Seeing Ad-Rock here hits different.

He’s not a star yet. He’s not a frontman. He’s learning fundamentals — scratching, timing, and discipline — from pioneers who helped invent the culture.

This is why the Beastie Boys were never outsiders in hip-hop.
They didn’t imitate it. They were raised in it.

Why This Video Still Dope

Hip-hop history often skips the learning phase. This clip proves:

  • The Beastie Boys earned their place in hip-hop
  • DJ culture mattered, even for future MCs
  • Early hip-hop knowledge was passed hand to hand

This is the difference between authenticity and appropriation.

From DJ Lessons to Beastie Boys Legacy

Ad-Rock wouldn’t become known as a DJ, but what he learned here shaped everything that followed. The Beastie Boys’ ability to blend rap, punk, sampling, and experimentation came from understanding hip-hop at its core.
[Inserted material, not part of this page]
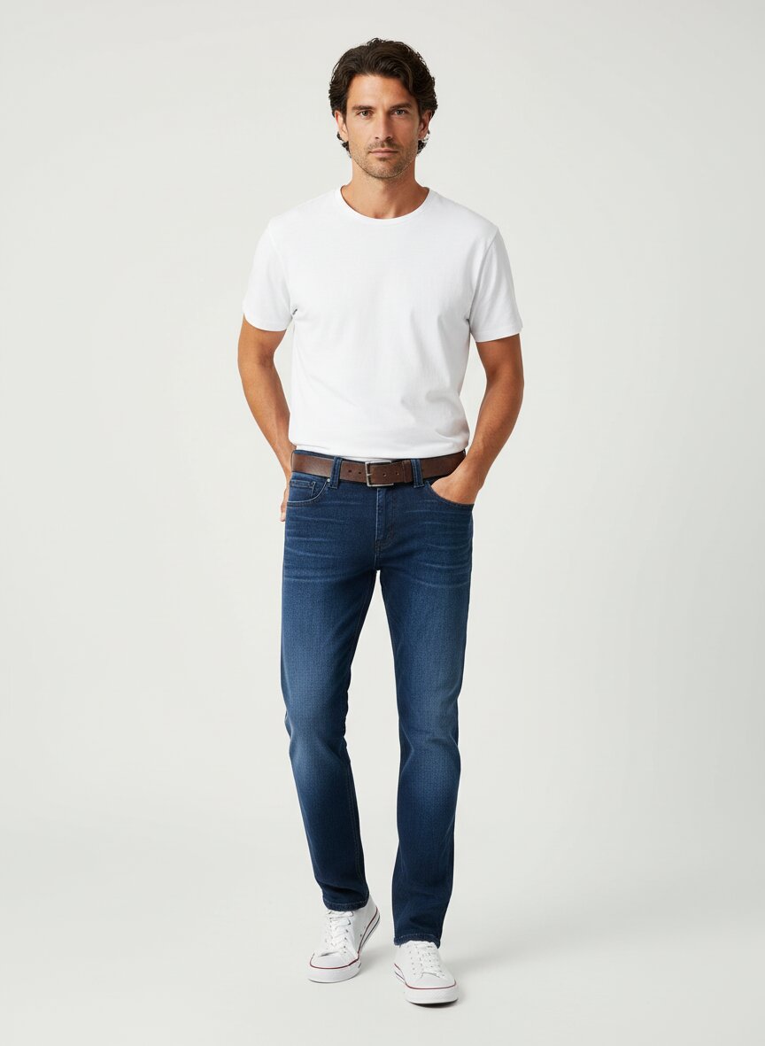 Diese Pipe-Jeans in tiefem Navyblau besticht durch gezielt gesetzte Used-Details, die dem klassischen Schnitt moderne Lässigkeit verleihen. Das Premium-Denim-Gewebe aus 94 % Baumwolle, 5 % T400 Elastomultiester und 1 % Elasthan bietet eine Dehnbarkeit, die den ganzen Tag über Bewegungsfreiheit garantiert, ohne an Form zu verlieren. Der Regular Fit sitzt präzise an Oberschenkel und Unterschenkel – ideal für Business ebenso wie für entspannte Wochenendtage. Die klassische Five-Pocket-Ausstattung mit zusätzlicher Münztasche bewährt sich seit Generationen und bietet praktische Ordnung im Alltag.

Moments like this don’t show up on charts — but they explain everything.

Why OMFnG Documents These Moments

At OMFnG, we focus on hip-hop before the spotlight — the raw footage that shows legends in the making.

This video isn’t nostalgia.
It’s evidence.

If you want to understand the Beastie Boys, DJ culture, or how hip-hop knowledge gets passed down, this clip is essential viewing.